Friday, 2 May 2014

Evaluation managment codes

Evaluation management visit with drug admin on same day
drug administration services and E/M visits billed on the same day of service as follows:

Carriers must advise physicians that CPT code 99211 cannot be paid if it is billed with a drug administration service such as a chemotherapy or non-chemotherapy drug infusion service (effective January 1, 2004). This drug administration policy was expanded in the Physician Fee Schedule Final Rule, November 14, 2004, to also include a therapeutic or diagnostic injection code (effective January 1, 2005). Therefore, when a medically necessary, significant, and separately identifiable E/M service (which meets a higher complexity level than CPT code 99211) is performed, in addition to one of these drug administration services, the appropriate E/M CPT code should be reported with modifier -25. Documentation should support the level of E/M service billed. For an E/M service provided on the same day, a different diagnosis is not required.

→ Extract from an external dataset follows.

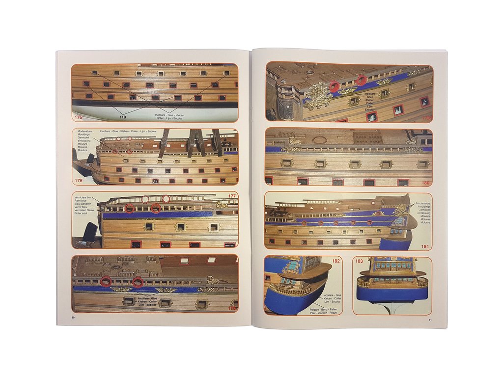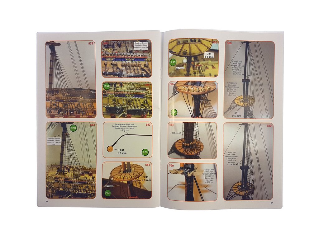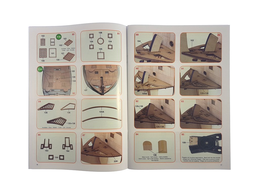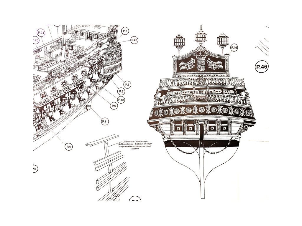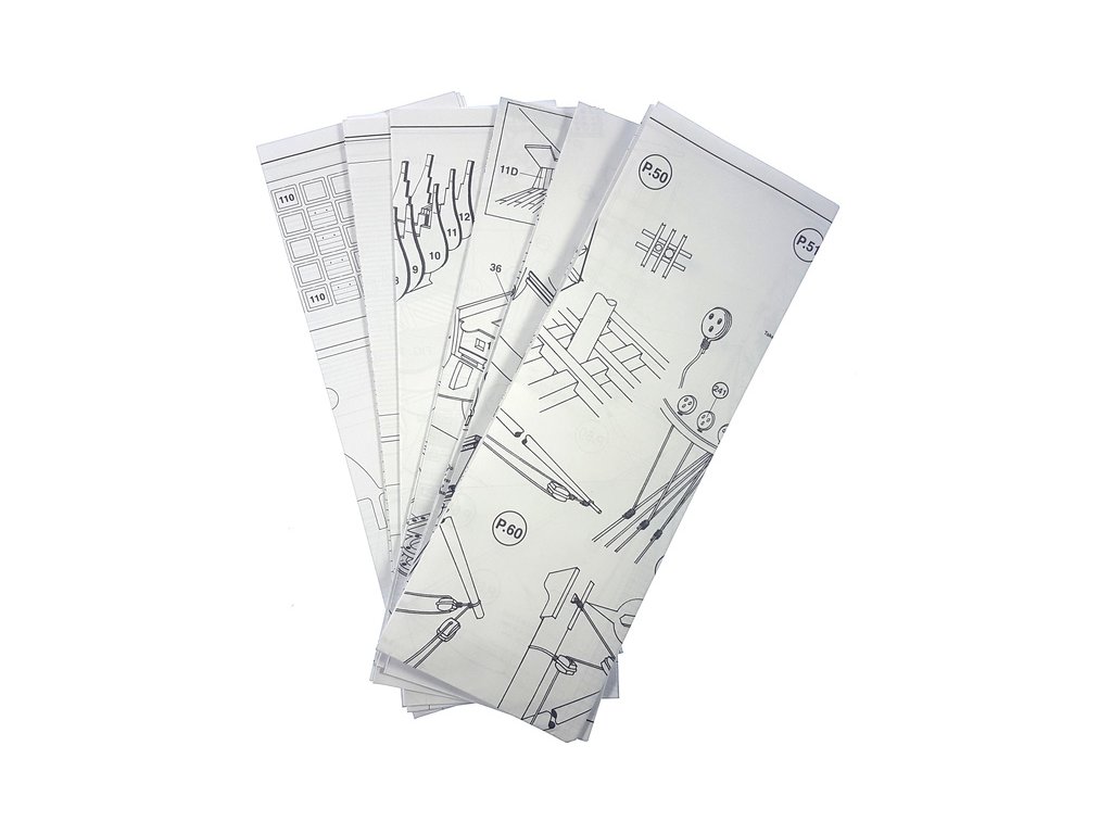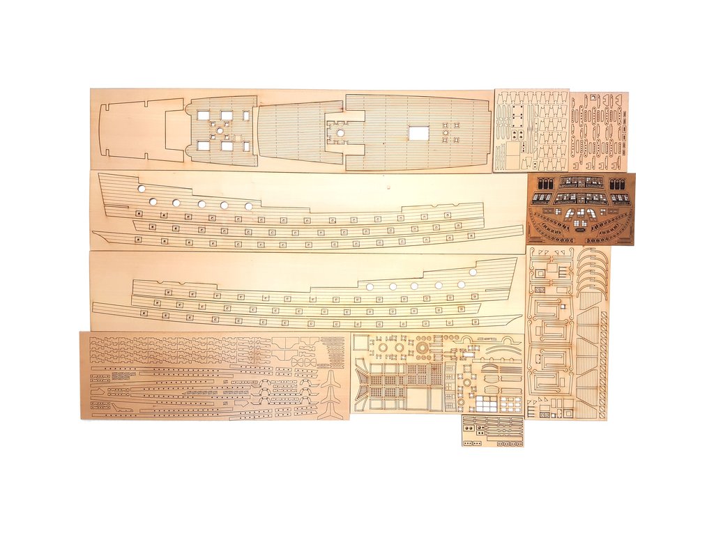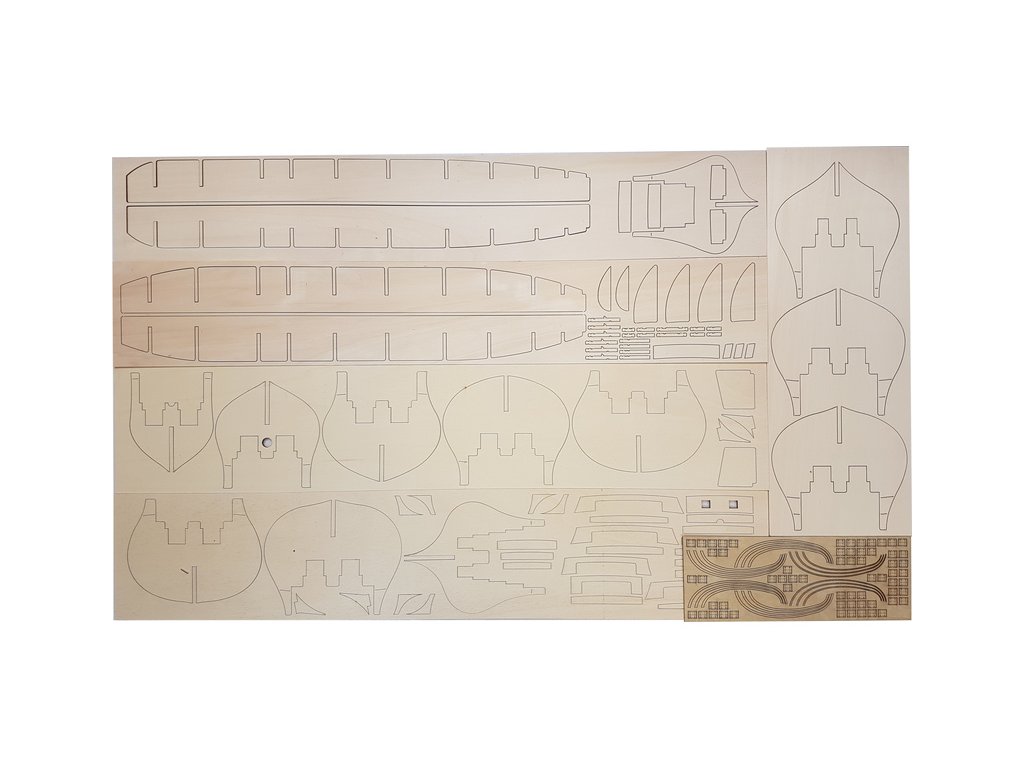Balení obsahuje laserem řezané dřevěné díly, plaňky, paluby, stožáry, vlajky, lanoví, kovové a dřevěné kování, kovové odlitky a dekorace vyleptané z mosazi. Stavební plány, vícejazyčný obrázkový návod.

Service provided by two physician on same group practice on same day
“physician in a group practice” for office/outpatient E/M Visits provided on the same day for unrelated problems as follows:

As for all other E/M services except where specifically noted, carriers may not pay two E/M office visits billed by a physician (or physician of the same specialty from the same group practice) for the same beneficiary on the same day unless the physician documents that the visits were for unrelated problems in the office or outpatient setting which could not be provided during the same encounter (e.g., office visit for blood pressure medication evaluation, followed five hours later by a visit for evaluation of leg pain following an accident).